The programme's most controversial moment, the one that generated all the useful pre- transmission publicity, was a blatant case of what is known in legal circles as leading the witness. "Do British clubs encourage you to have a drink to improve team spirit?" the interviewer asked. "Yes," Gascoigne replied, and you could sense the producer nodding gratefully as the player duly provided chapter and verse. Not much of a revelation, really, but good for a couple of million on the viewing figures. The rest of it was pretty low-key stuff, padding out (if that's not too cruel) the footballer's character. Intriguing, but it lacked a cutting edge, to be blunt.
Chris Waddle never did get the hang of They Think It's All Over (BBC1): not only did he persistently answer Nick Hancock's questions, he kept getting them right. This scored a lot of points for his team but none for Waddle as a future guest on the show: he had clearly failed to read the clause in his contract requiring non-stop scatology. Never mind, the regulars, and Jo Brand, the other guest, knew the form, providing a wearisome list of synonyms for genitalia, a kind of gynaecological Call My Bluff. The show is turning into a party for superannuated teenagers: "Aren't we naughty?"

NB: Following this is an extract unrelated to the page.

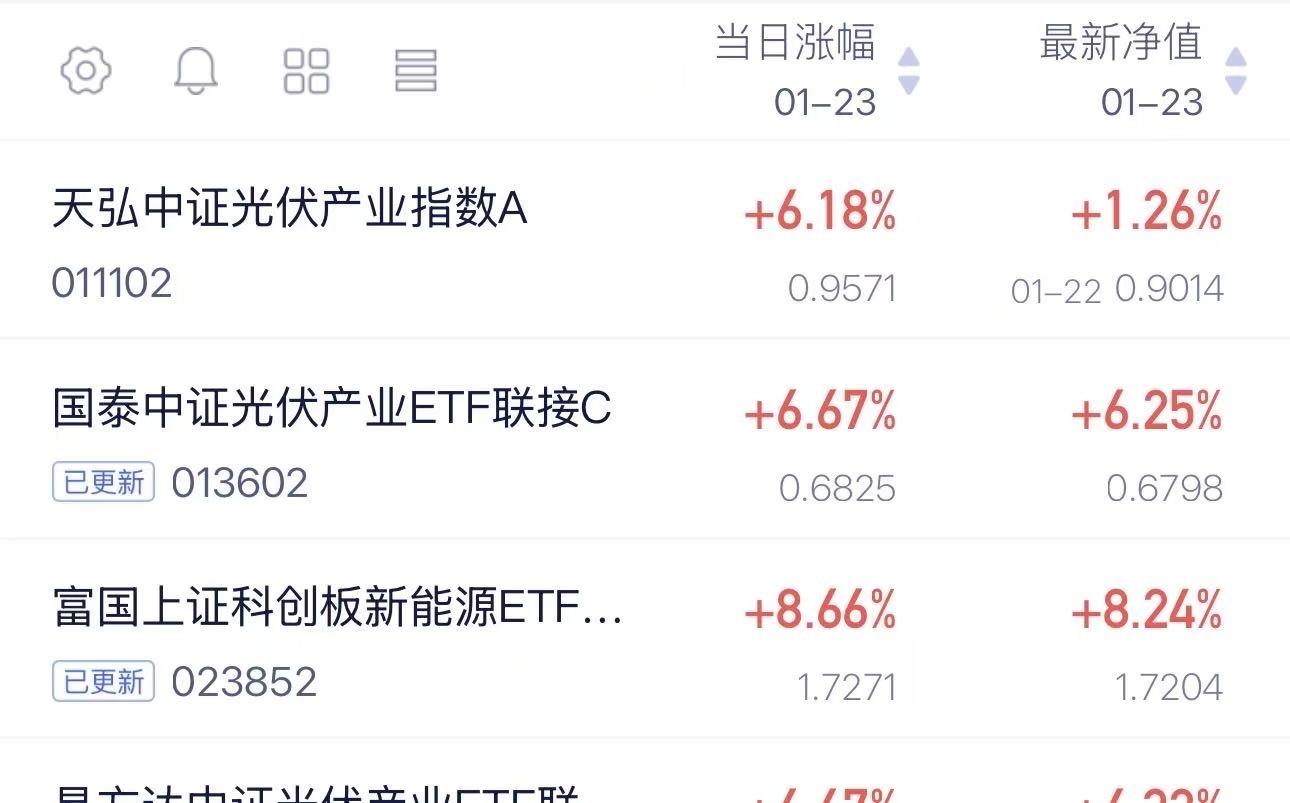 同样是光伏基金,富国上证新能源光伏基金还是挺不错的,今天8个点仓位更集中一些。

Waddle - intentionally or otherwise - also provided a rare moment of genuine humour in the word-game round. He was supposed to be matching teams to Lee Hurst's prompts, but rather lost the plot. "Clean your bath with it. You can play football against them in Holland . . ." Waddle had it. "Flash," he said. True to form, Hurst's clue for "Brest" was "Jo's got two of them, you can play football against them in France". Once again, Waddle was there. "Bordeaux," he declared. For once, Jo Brand was lost for words.

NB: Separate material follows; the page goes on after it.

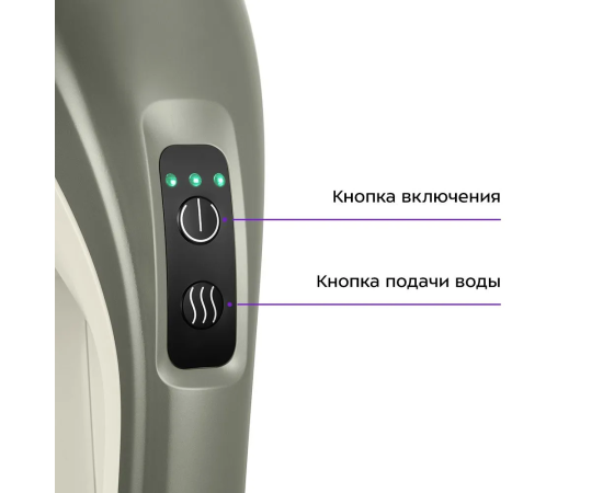 После нажатия на кнопку включения загорается подсветка, а также на секунду загораются зелёным три индикатора заряда над кнопкой включения. Вода подаётся при нажатии на кнопку подачи воды.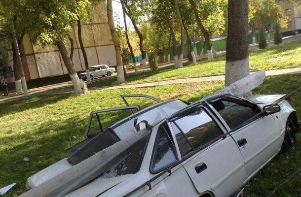 Toshkentda "Neksiya" avtomobili yo‘l chetidagi simyog‘ochga borib urildi

Lastly, to the appearance on Top Gear Motor Sport (BBC2) of the latest colony of Sir John Hall's sporting empire, the Newcastle United Sports Car Team. Tiff Needell, the show's regular presenter, has been signed as a driver for the team, making him motor sport's equivalent of Alan Shearer. He was to make his debut for the team in an international race at Brands Hatch. Would the presence of the cameras put him off?

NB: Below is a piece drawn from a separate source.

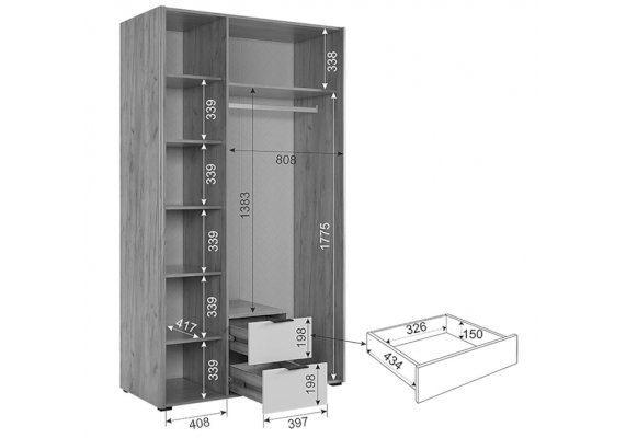 Наполнение шкафа выдвижные ящики / штанга

Well, something must have done. Tiff's co-driver started the race, and had the big black-and-white car in third place when he came in to the pits to hand over. Tiff leapt aboard, ready to shoot back into the action, but there was a snag: he couldn't find his seat-belt. Finally, he clunk- clicked, but in the process, forgot to keep his foot on the loud pedal, and stalled the engine. He eventually got going, but was so excited by the end of his stint that when he came back into the pits to hand over once more he completely overshot and had to be wheeled back into place by his muttering mechanics. On second thoughts, the Shearer analogy is not quite right: Tiff Needell is Warren Barton on wheels.